YOUR INSTRUCTIONS: The line that contains "Product details of" marks the start. Please set it down, with every later line of the data, exactly and without pictures.

DATA TO EXAMINE:

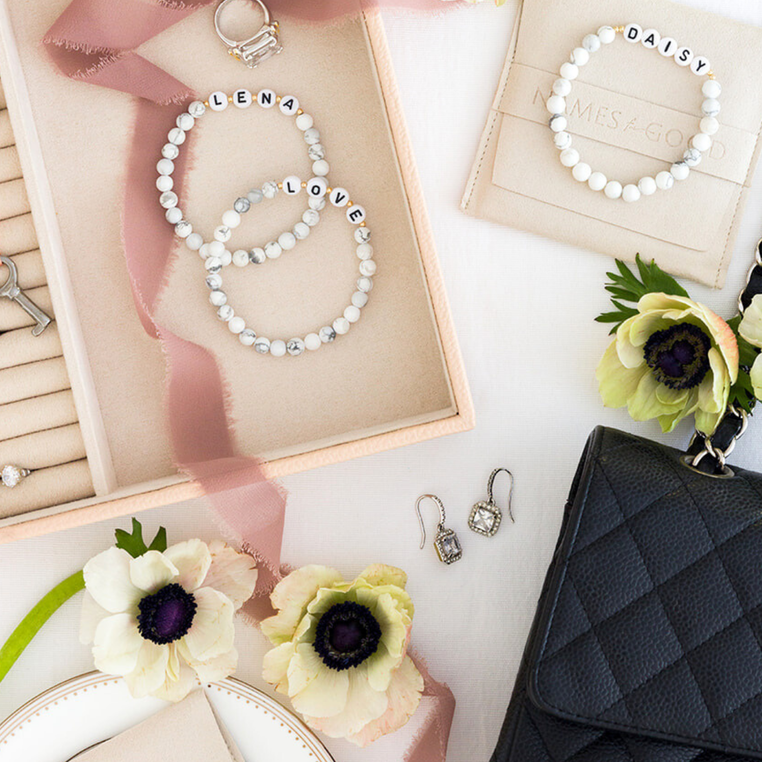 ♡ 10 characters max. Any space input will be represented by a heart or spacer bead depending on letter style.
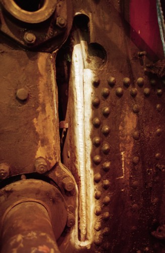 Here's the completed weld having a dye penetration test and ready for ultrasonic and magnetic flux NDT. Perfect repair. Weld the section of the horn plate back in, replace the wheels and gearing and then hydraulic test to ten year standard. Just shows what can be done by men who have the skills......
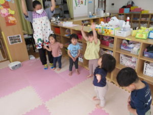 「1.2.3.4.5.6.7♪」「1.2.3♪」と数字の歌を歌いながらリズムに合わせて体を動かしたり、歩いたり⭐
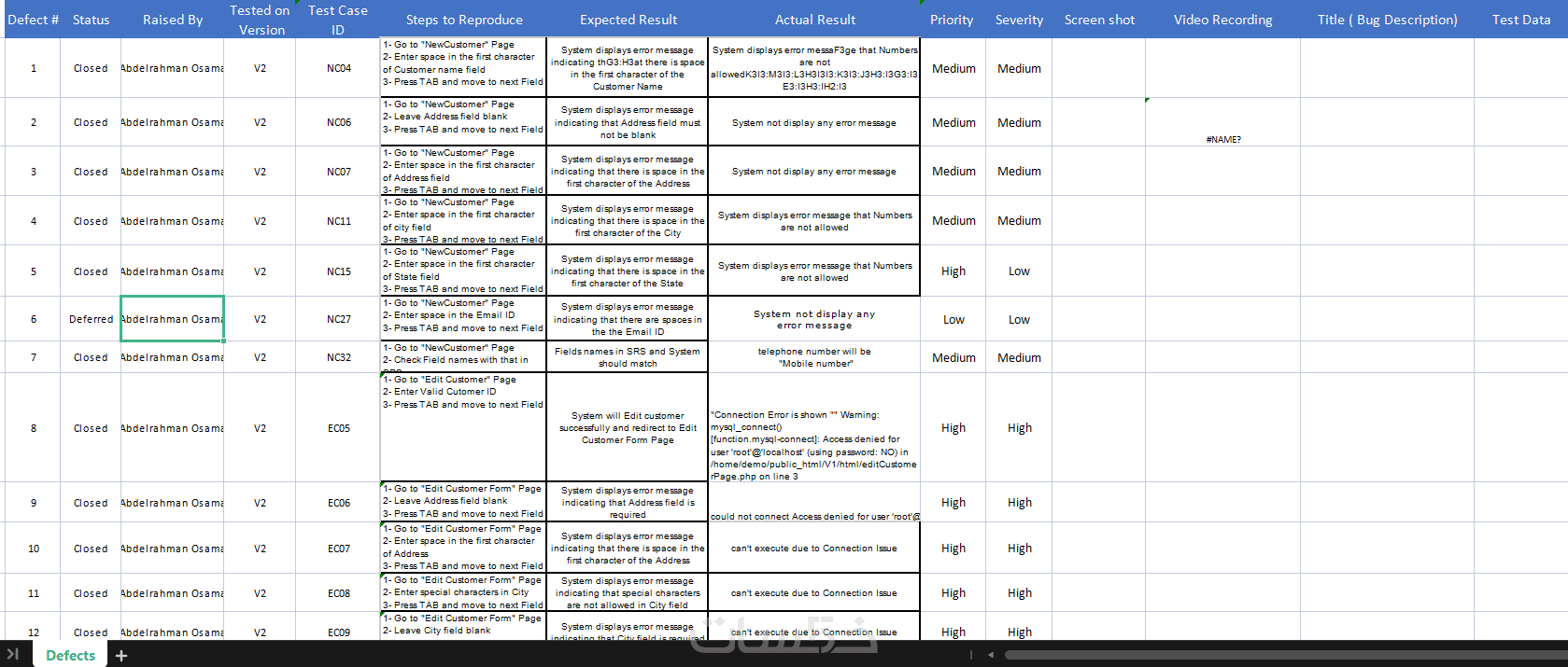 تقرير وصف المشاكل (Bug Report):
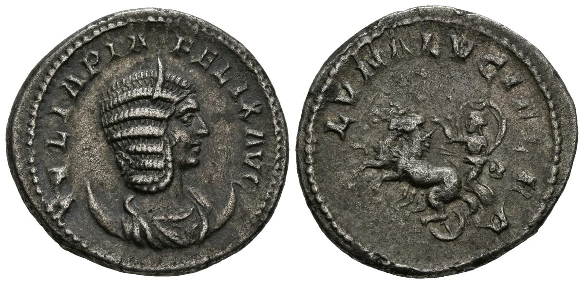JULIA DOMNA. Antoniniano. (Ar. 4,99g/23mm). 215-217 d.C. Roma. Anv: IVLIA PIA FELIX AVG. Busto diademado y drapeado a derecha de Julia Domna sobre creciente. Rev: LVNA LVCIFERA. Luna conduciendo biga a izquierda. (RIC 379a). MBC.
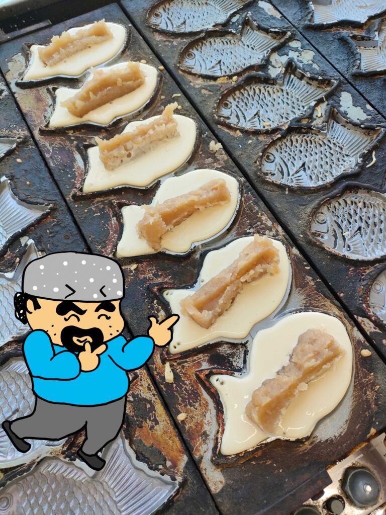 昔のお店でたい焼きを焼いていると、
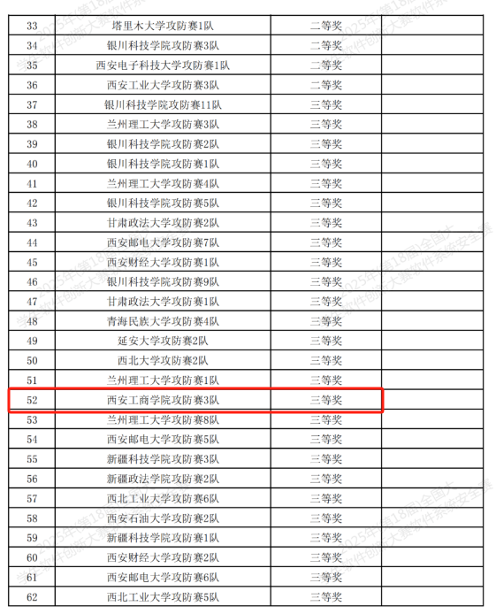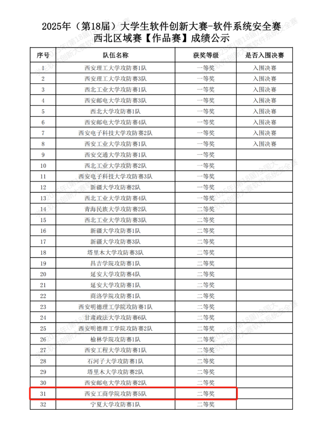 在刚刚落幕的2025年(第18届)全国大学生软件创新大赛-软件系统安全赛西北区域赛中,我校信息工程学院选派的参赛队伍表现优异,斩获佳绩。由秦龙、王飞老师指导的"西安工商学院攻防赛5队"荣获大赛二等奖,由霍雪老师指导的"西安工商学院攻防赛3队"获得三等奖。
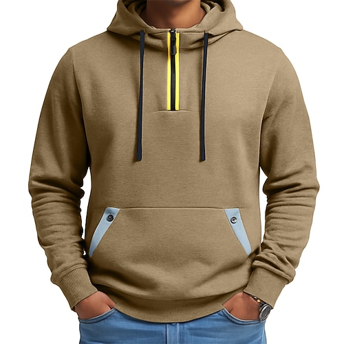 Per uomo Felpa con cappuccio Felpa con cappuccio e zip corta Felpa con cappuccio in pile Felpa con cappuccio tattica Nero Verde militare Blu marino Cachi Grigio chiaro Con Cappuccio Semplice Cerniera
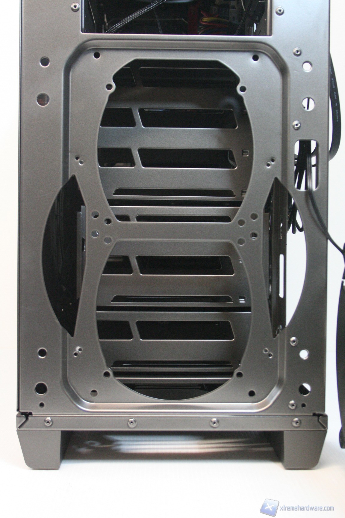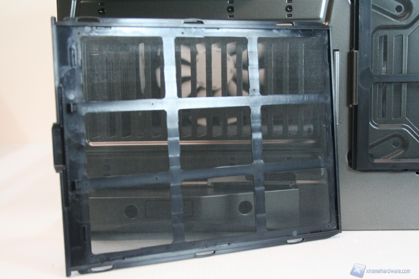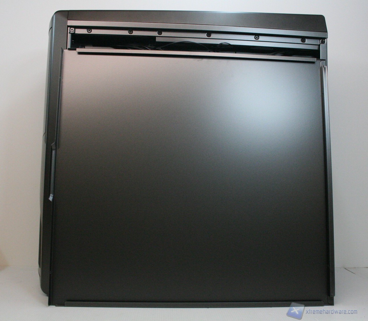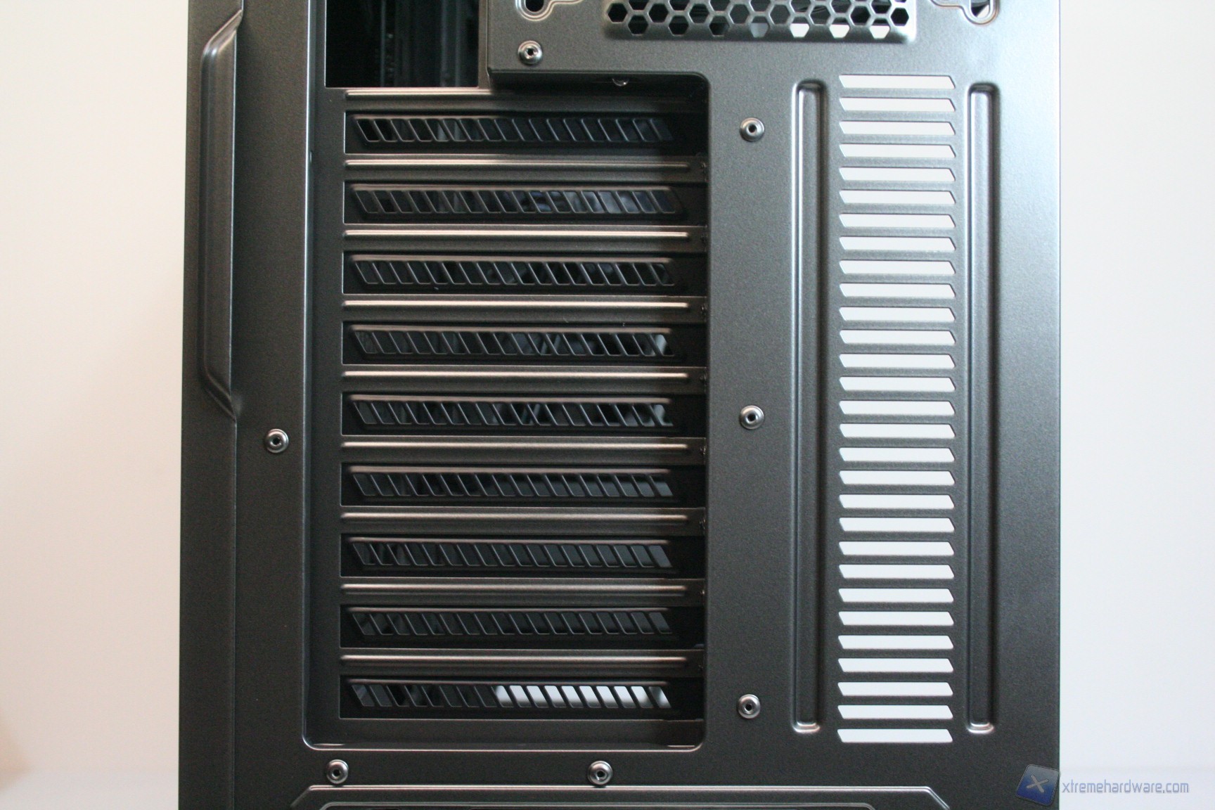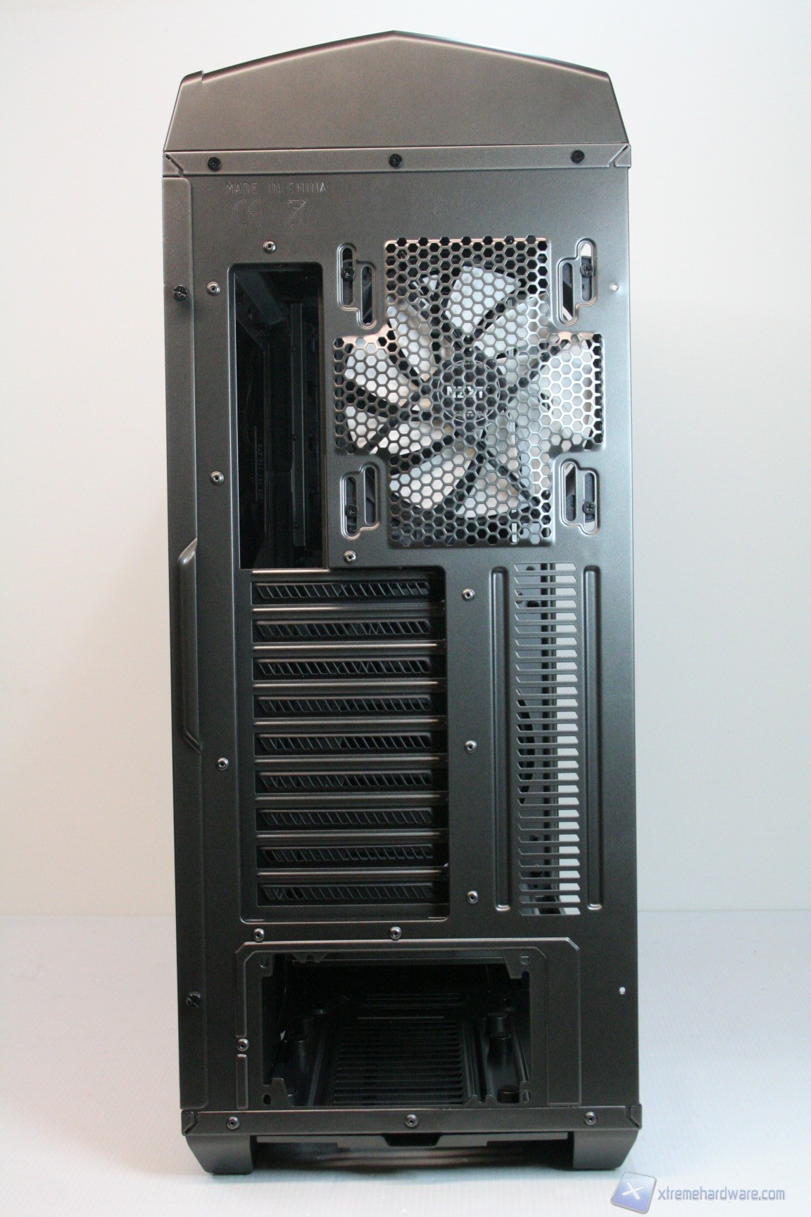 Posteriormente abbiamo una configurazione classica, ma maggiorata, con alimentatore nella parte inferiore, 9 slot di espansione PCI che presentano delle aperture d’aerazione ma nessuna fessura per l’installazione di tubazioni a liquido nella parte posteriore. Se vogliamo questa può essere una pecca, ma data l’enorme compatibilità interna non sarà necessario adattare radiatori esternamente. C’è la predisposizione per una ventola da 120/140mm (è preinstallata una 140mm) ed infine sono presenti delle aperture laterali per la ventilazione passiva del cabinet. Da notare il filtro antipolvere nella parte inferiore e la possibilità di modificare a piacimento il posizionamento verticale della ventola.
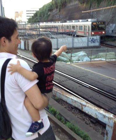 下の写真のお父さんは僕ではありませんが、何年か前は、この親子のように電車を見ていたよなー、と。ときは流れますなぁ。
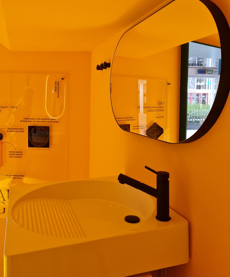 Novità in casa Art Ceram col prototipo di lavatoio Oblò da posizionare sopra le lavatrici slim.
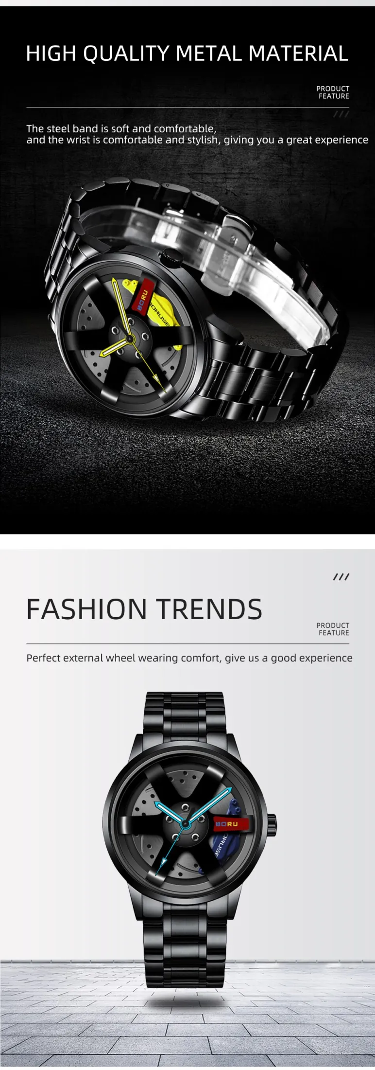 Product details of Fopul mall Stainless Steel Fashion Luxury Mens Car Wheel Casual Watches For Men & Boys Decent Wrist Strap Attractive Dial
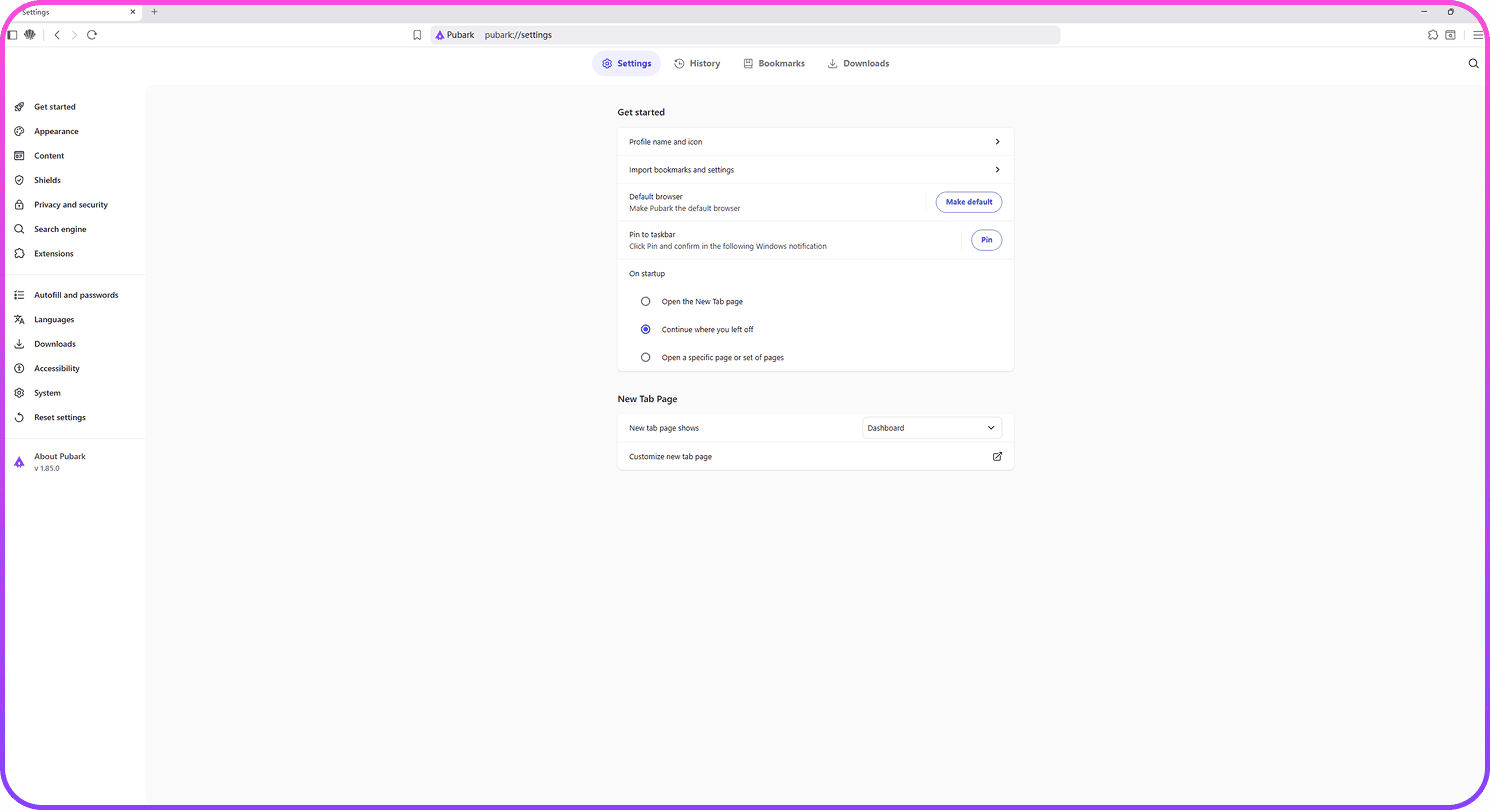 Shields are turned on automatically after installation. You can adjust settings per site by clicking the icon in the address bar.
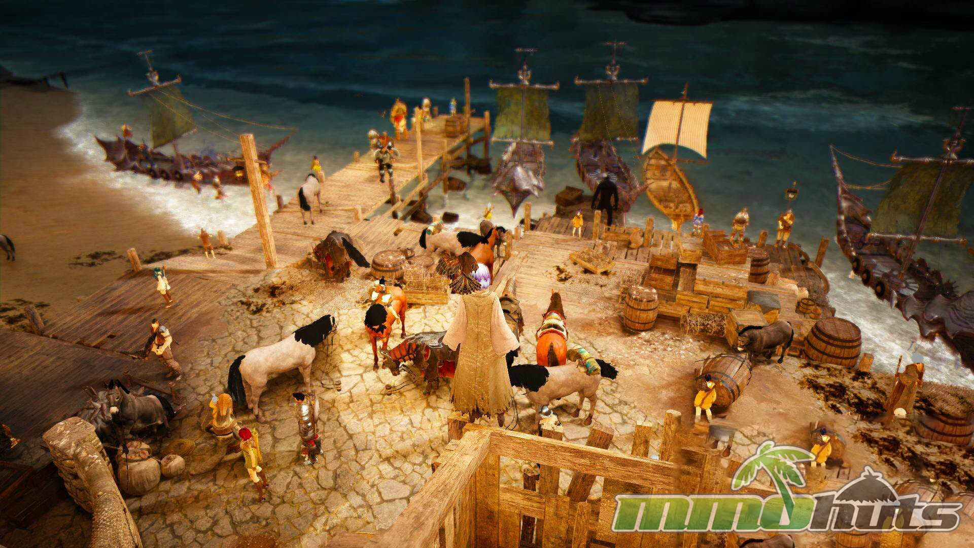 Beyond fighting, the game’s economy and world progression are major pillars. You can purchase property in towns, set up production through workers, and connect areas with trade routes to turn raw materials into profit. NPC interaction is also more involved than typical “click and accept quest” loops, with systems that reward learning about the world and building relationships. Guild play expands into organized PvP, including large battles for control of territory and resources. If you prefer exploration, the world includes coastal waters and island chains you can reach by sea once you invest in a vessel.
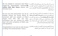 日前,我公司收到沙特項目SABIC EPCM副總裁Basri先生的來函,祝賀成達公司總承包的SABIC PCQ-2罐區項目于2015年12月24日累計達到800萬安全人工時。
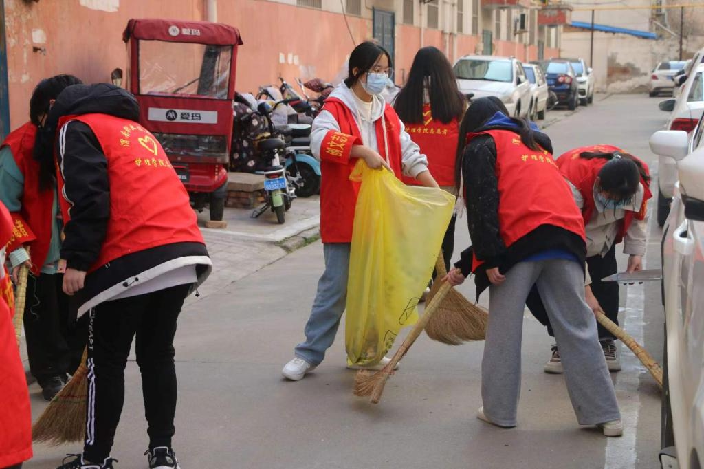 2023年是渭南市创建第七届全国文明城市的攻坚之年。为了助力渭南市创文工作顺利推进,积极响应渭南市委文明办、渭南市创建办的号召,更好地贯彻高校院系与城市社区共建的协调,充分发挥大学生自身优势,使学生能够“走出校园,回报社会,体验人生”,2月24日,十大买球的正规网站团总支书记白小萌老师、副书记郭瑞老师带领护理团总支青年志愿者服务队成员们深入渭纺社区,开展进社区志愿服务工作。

ANSWER TO THIS EXERCISE:
 Product details of Fopul mall Stainless Steel Fashion Luxury Mens Car Wheel Casual Watches For Men & Boys Decent Wrist Strap Attractive Dial
 Shields are turned on automatically after installation. You can adjust settings per site by clicking the icon in the address bar.
 Beyond fighting, the game’s economy and world progression are major pillars. You can purchase property in towns, set up production through workers, and connect areas with trade routes to turn raw materials into profit. NPC interaction is also more involved than typical “click and accept quest” loops, with systems that reward learning about the world and building relationships. Guild play expands into organized PvP, including large battles for control of territory and resources. If you prefer exploration, the world includes coastal waters and island chains you can reach by sea once you invest in a vessel.
 日前,我公司收到沙特項目SABIC EPCM副總裁Basri先生的來函,祝賀成達公司總承包的SABIC PCQ-2罐區項目于2015年12月24日累計達到800萬安全人工時。
 2023年是渭南市创建第七届全国文明城市的攻坚之年。为了助力渭南市创文工作顺利推进,积极响应渭南市委文明办、渭南市创建办的号召,更好地贯彻高校院系与城市社区共建的协调,充分发挥大学生自身优势,使学生能够“走出校园,回报社会,体验人生”,2月24日,十大买球的正规网站团总支书记白小萌老师、副书记郭瑞老师带领护理团总支青年志愿者服务队成员们深入渭纺社区,开展进社区志愿服务工作。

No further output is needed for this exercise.